[파이썬] requests-html 스크레이핑된 데이터의 분석

In this blog post, we will explore how to analyze data scraped using the requests-html library in Python. If you’re unfamiliar with web scraping or the requests-html library, it’s recommended to check out some introductory resources before diving into this post.

What is requests-html?

requests-html is a Python library that allows you to easily scrape and parse web pages. It is built on top of the popular requests library and provides additional capabilities such as parsing HTML content, running JavaScript code, and handling asynchronous requests.

To install requests-html, you can use pip:

$ pip install requests-html

Scraping Data with requests-html

To scrape data from a web page using requests-html, you need to perform the following steps:

from requests_html import HTMLSession

session = HTMLSession()
response = session.get('https://example.com')
response.html.render()
headings = response.html.xpath('//h1//text()')

Analyzing Scraped Data

Once we have scraped and extracted data using requests-html, we can perform various analyses on it depending on our requirements. Let’s go through a few examples:

Word Frequency Analysis

One common analysis is to determine the frequency of words in the scraped data. We can store the extracted text in a list and use the Counter class from the collections module to count the occurrences of each word.

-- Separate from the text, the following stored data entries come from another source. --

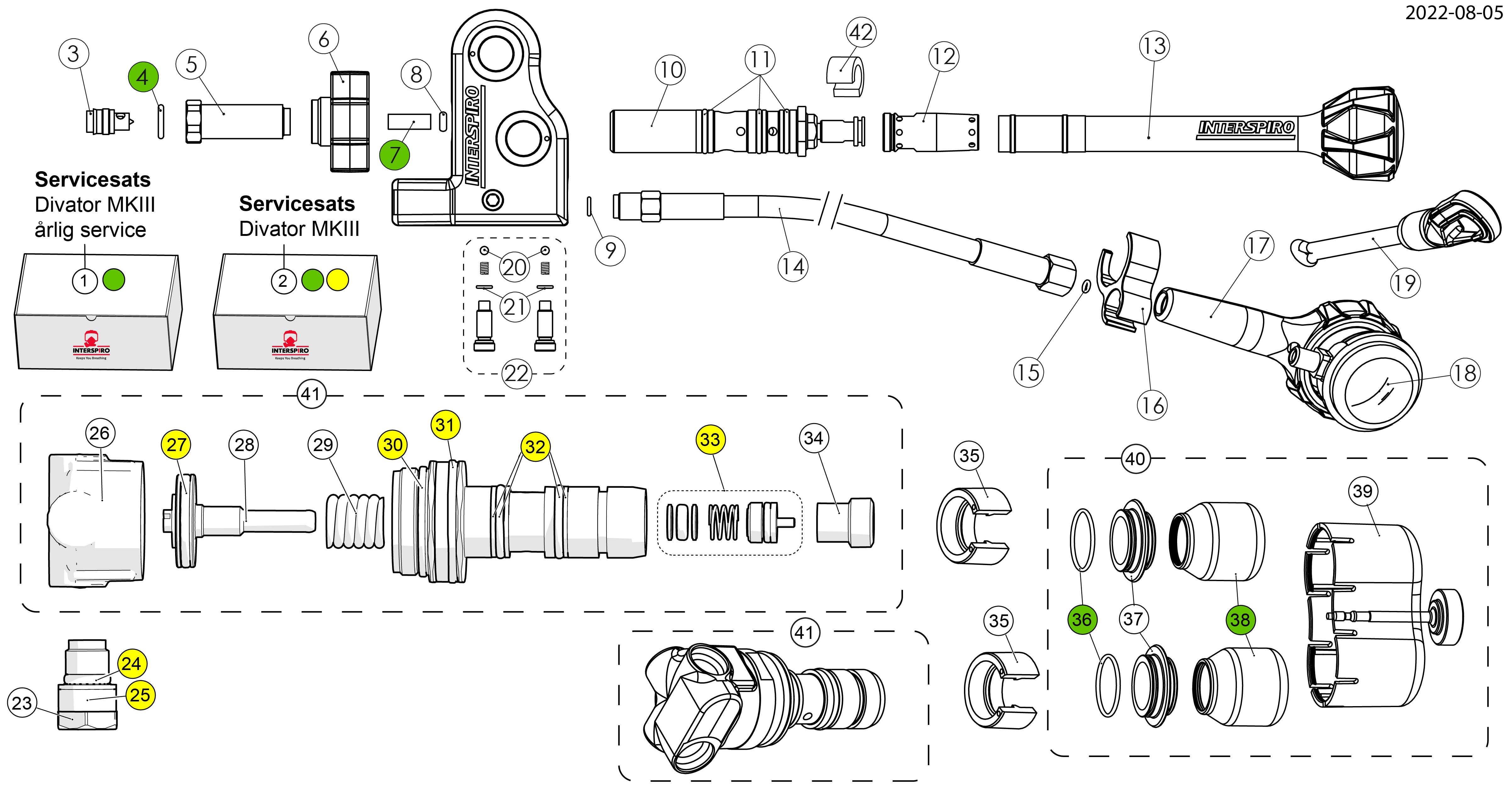 MKIII-regulatorn är försedd med primär luftslang, Octopus-slang och Octopus andningsventil.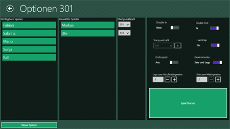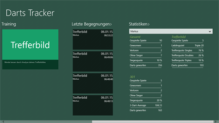 Derzeit wird neben dem Spieltyp 301 auch die Analyse deines Trefferbildes unterstützt. Spiele vom Typ 301 kannst du für 1-5 Spieler nach deinen Vorlieben konfigurieren und so bspw. die Startpunktzahlen individuell einstellen, die Modi Double In & Double Out aktivieren oder die Anzahl der nötigen Gewinnsätze bestimmen. Alle erfassten Partien werden lokal auf deinem Gerät gespeichert, sodass sie jederzeit abrufbar sind und du dir die zugehörigen Statistiken anzeigen lassen kannst. So kannst du auch die Entwicklung deines Dartspiels nachverfolgen und eventuelle Schwachstellen aufdecken.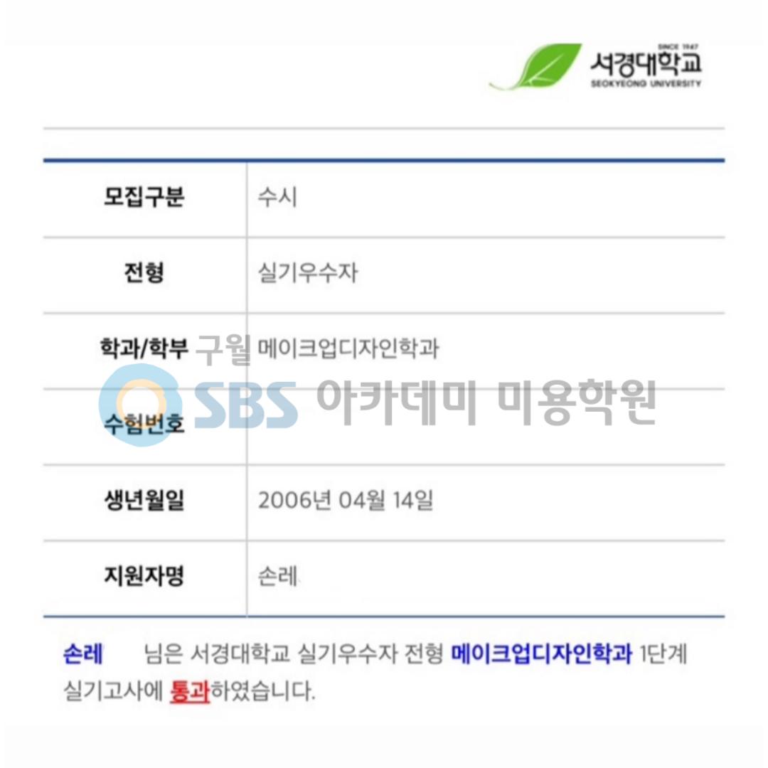 안녕하세요! 구월SBS아카데미미용학원입니다. 이번 서경대학교 미용예술대학 실기고사 1단계 합격자가 발표되었는데요! 열심히 고생하며 준비했던 구월캠퍼스 수강생분들..! 작년에 이어 올해에도 실기 1단계 합격자가 배출되었습니다^^ 지난주 주말에 2단계 실기까지 무사히 응시하여 최종합격자 발표까지 한달정도 남았네요 :) 열심히한만큼 좋은 결과있길 바랍니다! T. 032)434-0630

from collections import Counter

word_list = ['apple', 'banana', 'apple', 'cherry', 'banana', 'apple']
word_frequency = Counter(word_list)

print(word_frequency)

The output will be:

Counter({'apple': 3, 'banana': 2, 'cherry': 1})

Sentiment Analysis

If the scraped data contains text content such as reviews or comments, we can perform sentiment analysis to determine the sentiment expressed. There are several libraries available for sentiment analysis in Python, such as NLTK or TextBlob.

from textblob import TextBlob

reviews = ['I love this product!', 'This is the worst service ever!']
sentiments = []

for review in reviews:
    blob = TextBlob(review)
    sentiment_score = blob.sentiment.polarity
    if sentiment_score > 0:
        sentiments.append('Positive')
    elif sentiment_score < 0:
        sentiments.append('Negative')
    else:
        sentiments.append('Neutral')

print(sentiments)

The output will be:

['Positive', 'Negative']

Data Visualization

Another way to analyze scraped data is by visualizing it. You can use popular libraries like Matplotlib or Seaborn to create visualizations such as bar charts, scatter plots, or word clouds.

import matplotlib.pyplot as plt

word_frequency = {'apple': 3, 'banana': 2, 'cherry': 1}

words = list(word_frequency.keys())
frequency = list(word_frequency.values())

plt.bar(words, frequency)
plt.xlabel('Words')
plt.ylabel('Frequency')
plt.title('Word Frequency Analysis')
plt.show()

This code will display a bar chart representing the word frequency.

Conclusion

In this blog post, we explored how to analyze data scraped using the requests-html library in Python. We covered the basics of web scraping with requests-html, extracting data using CSS selectors, and performing various analyses on the scraped data. Remember to always check the terms of use and legality before scraping any website, and be respectful of the website’s resources. Happy scraping and analyzing!